Disclaimer: Fourth verse, same as the first. In addition to my insanity, I also currently own a half-full bottle of Mountain Dew. I'm going to start saying that Mountain Dew was what Gibbs had in that little bottle of his. I know that's how I'd survive having a crazy like a fox Captain Jack Sparrow as my captain. May, 2004.

Author's notes: Same challenge, last drabble. The Surgeon's General has warned that logic took one look at this drabble and ran screaming out the door; your brain may do the same. Based on past reported experiences, I caution you all now not to be eating or drinking anything while reading this drabble, and to make sure that if you are reading this at work, that no one else is nearby. They might think you've gone starkers, otherwise. If you choose to ignore this warning, I am not responsible for whatever food or drink you may spit at your computer.

A triple crossover this time. POTC, Lord of the Rings and The Dukes of Hazzard. With a crispy, crunchy topping of a fourth genre at the end. Inspired in part by a random Dukes mention on one of Biz's LiveJournal posts. :)

THE PIRATES OF

HAZZARD POND

BY

KAHVA

"So… You're a pirate, and when you left…"

"Tortuga."

"Tortuga. When you left there, you somehow ended up in a place called…"

"Middle-Earth, is what they told me, mate."

"The name's Luke, Captain Sparrow. Luke Duke. My cousin over there is Bo Duke."

"Ahh, yes… He's having a hard time with that Gollum bloke, isn't he?"

Luke watched as his blond cousin vainly tried to pry the gangly creature called Gollum off his leg, suddenly very glad that their cousin Daisy was working at the Boar's Nest, and not with them on this fishing trip to Hazzard Pond. Speaking of the pond, he thought to himself. "Captain Jack, just how did you manage to get a pirate ship smack dab in the middle of Hazzard Pond?"

"I think we can thank a rather disagreeable chap by the name of Gandalf for that, mate. He seemed nice enough when we appeared in a river near a place called Lothlorien, but then when we were just about to leave, he got upset with us for some reason and waved his staff at us. Seems he was of the opinion that I had absconded with some silver trinkets that the local folk were missing."

"Like that fancy necklace you're wearing, Captain?"

"I only borrowed it, my friend, and it was entirely by accident that I boarded my Pearl while still wearing the necklace. Just wanted to see if I liked it enough to perhaps trade something… or other… for it. Be that as it may, I don't think he intended for Gollum to climb aboard the Pearl as we started on our… unscheduled voyage… to here, so I expect he'll do something… wizardly, to bring us all back to lovely Middle Earth."

"And then you can give back that necklace."

"Well…"

"And everything else you borrowed."

"Mate, you're starting to sound like a certain eunuch I know back in Port Royal," Jack sighed. "But if he can send us all home, I suppose it will be a fair bargain. I'm missing my ocean. And my rum."

"Luke?"

"Yeah, Bo?"

"I've got good news, and I've got bad news. The good news is, I got that Gollum fella off my leg."

"And the bad news?"

VROOOOOOM!!

"Gollum's stealin' the General Lee."

"My pretty orange precioussssssssss!! Ahhhhhhh!!"

"Please tell me he didn't just jump the General into the pond."

"Alright Bo, I won't tell you. But he did."

"You two don't seem to be overly upset about this, if I may say so."

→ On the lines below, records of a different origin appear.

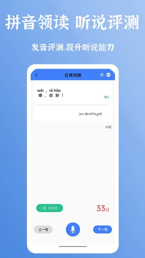 1.全真模拟考试流程,同步最新考试大纲内容,支持实时发音评测与得分反馈。2.专项突破模块针对易错词汇、多音字等重难点进行强化训练。3.情景对话功能覆盖日常交流、职场沟通等多场景,提升实际应用能力。4.每日一句哲理句子与语音跟读功能结合,培养语感与表达能力。5. 数据分析报告可视化呈现学习轨迹,精准定位薄弱环节。
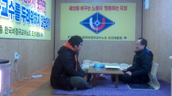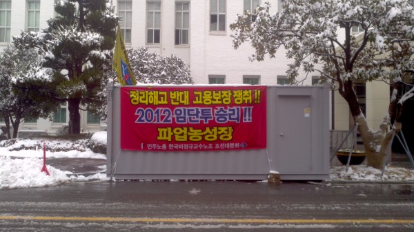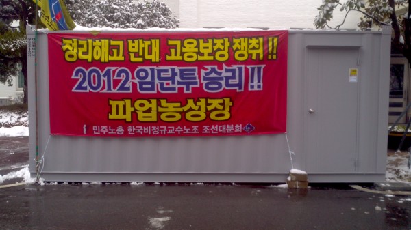 파업농성장 그림-비정규교수가 파업하지 못하면 대학은 비정규교수를 두려워하지 않는다!!!
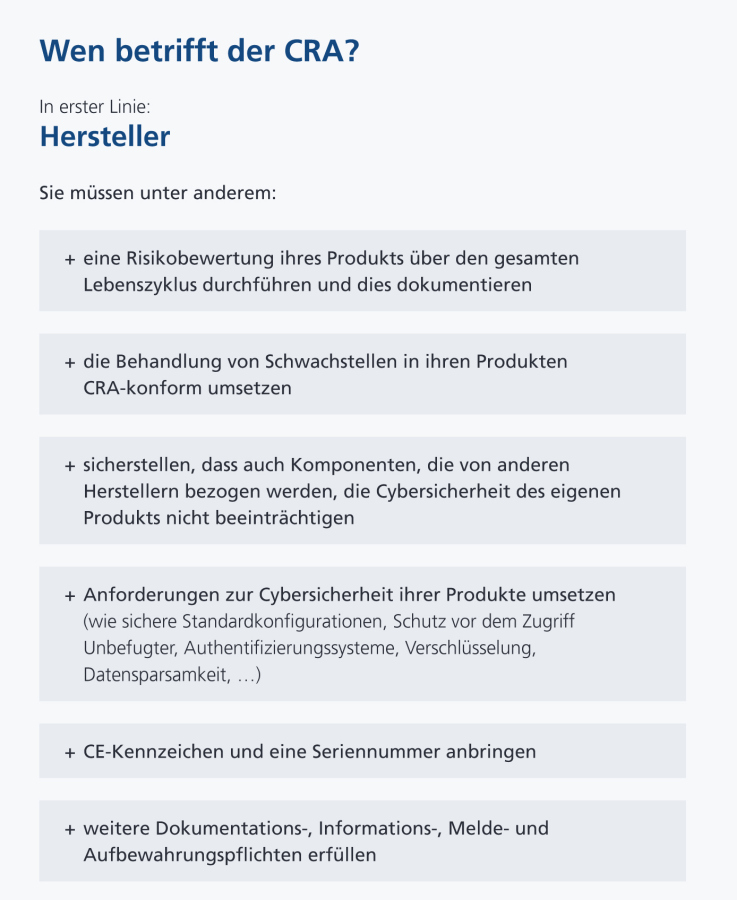 Der CRA erweitert das bisherige CE-Konzept (physische Sicherheit, EMV) um die Pflicht zur Cyber-Resilienz. Hersteller müssen künftig:
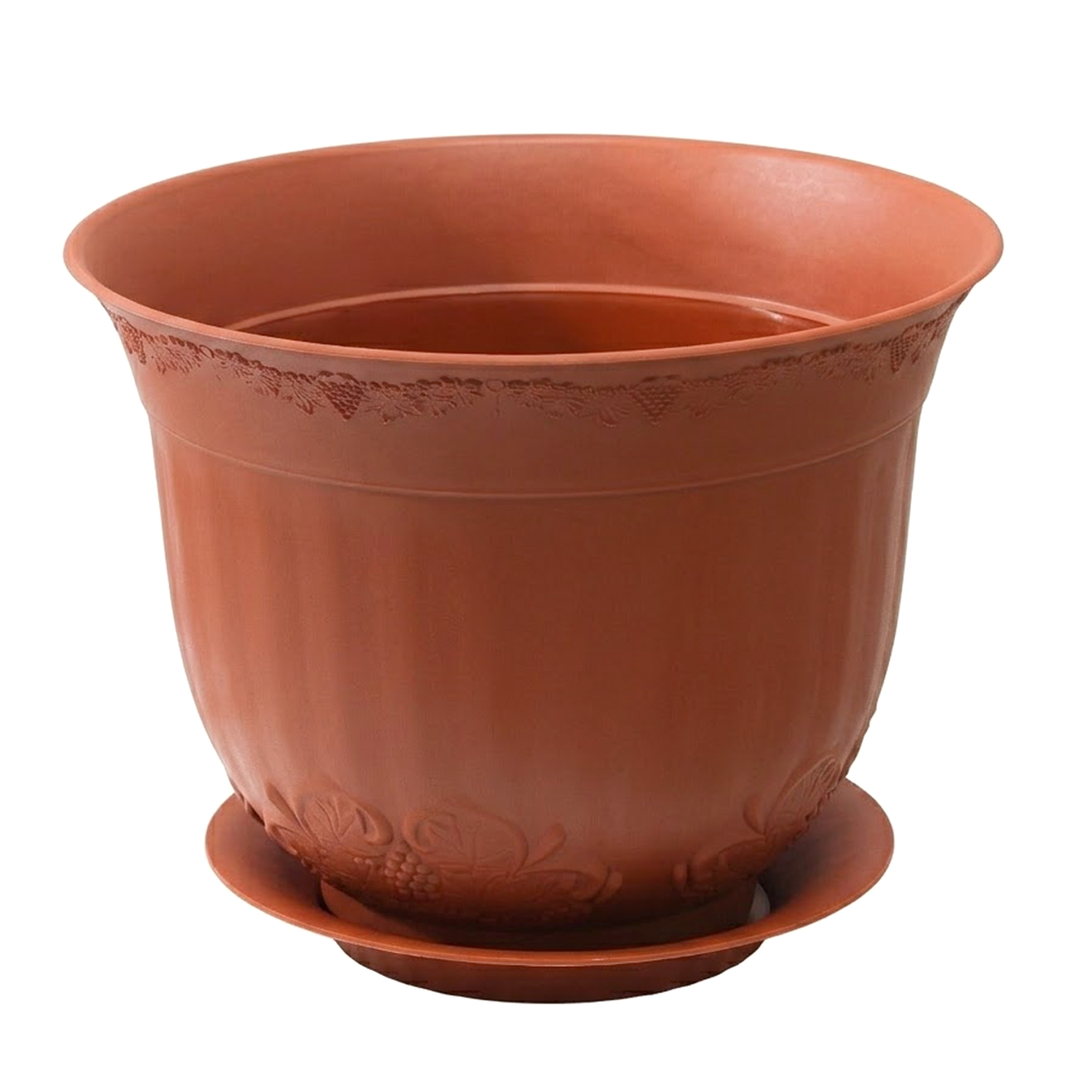 Выразительное кашпо Ангара с рельефным орнаментом дополнено практичным поддоном. Модель классической формы, расширяющейся кверху, обладает средним объемом 4,5 литра. Такой размер оптимален для выращивания комнатных растений, например, молодых монстер, создавая эстетичный акцент в интерьере дома.
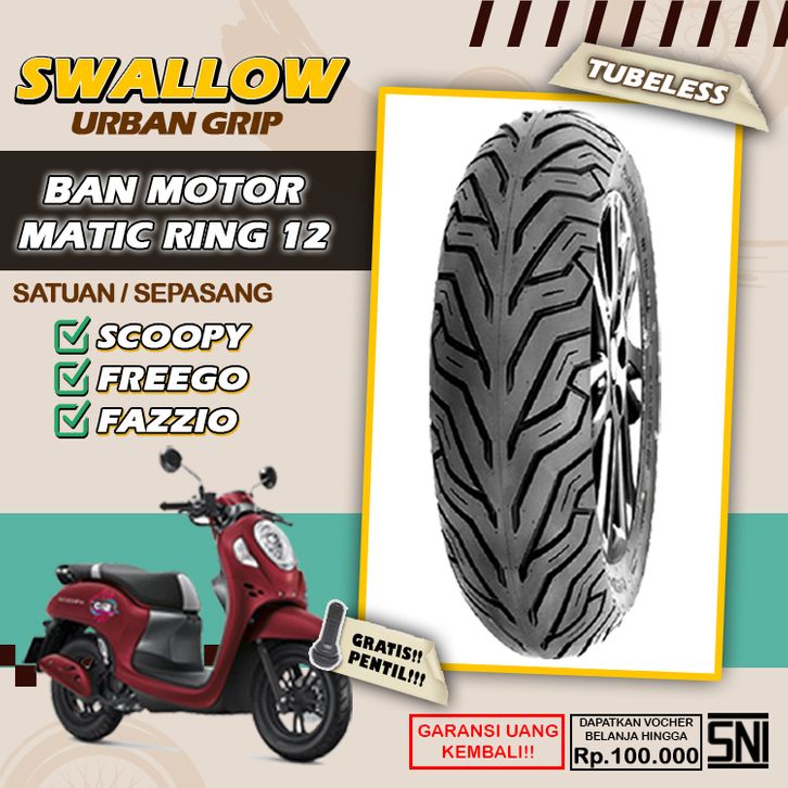 Ban Motor Matic Tubeless Swallow Urban Grip Ring 12 Ban Motor Scoopy Freego Tubles Depan Belakang Sepasang Ring 12
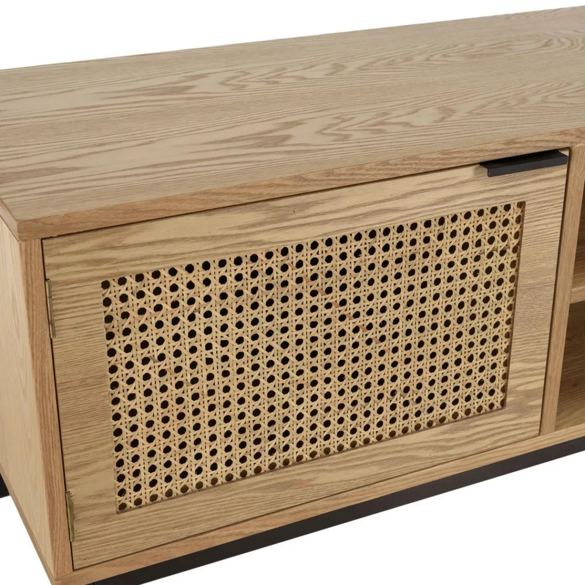 Caractéristiques Meuble TV 2 portes cannage naturel pieds métal noir MARCEAU

"Eh, we're used to folks trying to steal the General, Jack. Of course, most of them can drive better than your Gollum friend. This is just another normal day in Hazzard County."

"This is normal, Luke?"

"Oh sure, Jack! Now, you should've been here when them Klingon fellas stopped by last week and got mad about Boss Hogg trying to cheat them in game of five card stud. I think he's still got those Tribble things they left behind running around his office. Now that was an interestin' day."

"Oh?"

"Yep. Was the first time we've had a bunch of good old boys come to the Boar's Nest and not flirt with our cousin Daisy. I wonder if they ever found that Captain Kirk fella they was lookin' for…"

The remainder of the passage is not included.